Crates of avocados
The expansion of Mexico’s avocado market since it signed a free trade agreement with the US and Canada in the 1990s has gone hand in hand with rising levels of violence and criminal networks © Cesar Rodriguez/Bloomberg

The US government has stopped inspecting avocados and mangoes grown in western Mexico after its agents were assaulted and detained at a roadblock, as criminal violence drags on the high-value export sector.

A spokesperson for the US Department of Agriculture said on Tuesday that inspections in the state of Michoacán would be paused until the security situation had been reviewed and safeguards put in place. The move follows a similar shutdown in February 2022, when inspectors were directly threatened by criminal groups.

“This is huge. Cartel violence in #Mexico is now unambiguously hitting the domestic economy, and relations with the North, in a manner simple even for casual observers to understand,” said Eric Farnsworth, vice-president of lobby group the Council of the Americas and the Americas Society, on X. “This is a bright red warning light flashing brightly on the dashboard.”

Mangoes and avocados already in transit were not affected by the pause in inspections, but no new produce can undergo safety inspection and be readied for export.

Mexico supplies more than 80 per cent of the avocados consumed in the US, with exports worth $2.7bn last year, according to government data.

The vast majority come from Michoacán, the western state where Mexico’s government launched a “war on drugs” in 2006 that led to a jump in homicides. Since then the state has been plagued by fighting between increasingly fragmented criminal groups.

Under President Andrés Manuel López Obrador, drug trafficking and broader organised criminal groups have tightened their grip on swaths of Mexico, with the US military estimating that they now control as much of a third of the country.

This means that the state presence in many towns is limited or ineffective, with day-to-day security instead run by armed criminal groups or local self-defence forces.

In the campaigns for local and national elections this month more than 30 candidates, mostly for mayoralties, were murdered as the groups vied to control the outcome.

The US inspectors, part of an agency responsible for pest control, were held up at a blockade by residents in the town of Aranza last week, according to local media reports.

Michoacán state Governor Alfredo Ramírez told Mexican radio station Radio Fórmula that the inspectors’ car had not been targeted in the blockade and that he was working with the US embassy to try to restart the food checks in the coming days.

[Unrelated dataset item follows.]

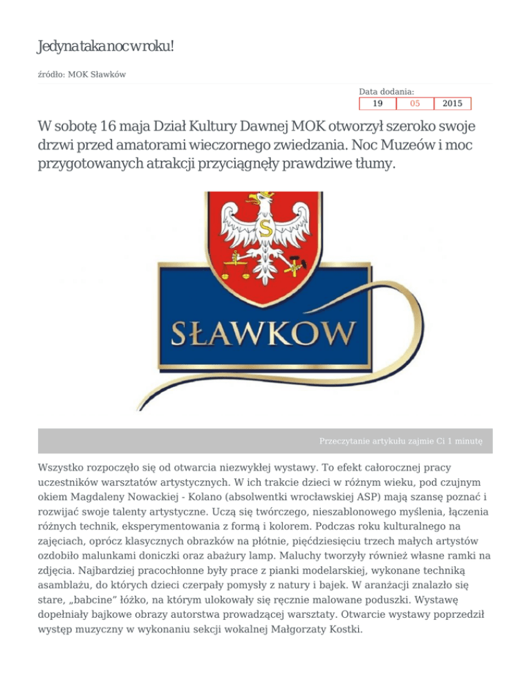 Jedynatakanocwroku! źródło: MOK Sławków Data dodania: 19 05 2015 W sobotę 16 maja Dział Kultury Dawnej MOK otworzył szeroko swoje drzwi przed amatorami wieczornego zwiedzania. Noc Muzeów i moc przygotowanych atrakcji przyciągnęły prawdziwe tłumy. Przeczytanie artykułu zajmie Ci 1 minutę Wszystko rozpoczęło się od otwarcia niezwykłej wystawy. To efekt całorocznej pracy uczestników warsztatów artystycznych. W ich trakcie dzieci w różnym wieku, pod czujnym okiem Magdaleny Nowackiej - Kolano (absolwentki wrocławskiej ASP) mają szansę poznać i rozwijać swoje talenty artystyczne. Uczą się twórczego, nieszablonowego myślenia, łączenia różnych technik, eksperymentowania z formą i kolorem. Podczas roku kulturalnego na zajęciach, oprócz klasycznych obrazków na płótnie, pięćdziesięciu trzech małych artystów ozdobiło malunkami doniczki oraz abażury lamp. Maluchy tworzyły również własne ramki na zdjęcia. Najbardziej pracochłonne były prace z pianki modelarskiej, wykonane techniką asamblażu, do których dzieci czerpały pomysły z natury i bajek. W aranżacji znalazło się stare, „babcine” łóżko, na którym ulokowały się ręcznie malowane poduszki. Wystawę dopełniały bajkowe obrazy autorstwa prowadzącej warsztaty. Otwarcie wystawy poprzedził występ muzyczny w wykonaniu sekcji wokalnej Małgorzaty Kostki. Organizatorzy składają podziękowania sponsorom imprezy: burmistrzowi Rafałowi Adamczykowi, radnemu Rady Miejskiej Michałowi Malinowskiemu, mecenasowi Rafałowi Kolano i Agencji Reklamowej Plastfirm. Więcej na stronie internetowej Działu Kultury Dawnej MOK -KLIKNIJ D R U KUJ D RUKUJ DO PDF http://www.slawkow.pl/print.php?pdf=true&unique=jedyna-taka-noc-w-roku

A direct threat to inspectors in February 2022 led to a similar shutdown of inspections.

Mexico is the US’s biggest trading partner, exporting cars, oil and agricultural products. It is also the largest producer of avocados in the world, sending produce to dozens of countries — but its northern neighbour remains its biggest market.

The expansion of Mexico’s avocado market since it signed a free trade agreement with the US and Canada in the 1990s has gone hand in hand with rising levels of violence and criminal networks, security analysts at the Global Initiative Against Transnational Organised Crime said in a report this year.

“International demand and organised crime groups have shaped a multibillion-dollar industry in which politico-criminal relations continue to play a crucial role,” the report said.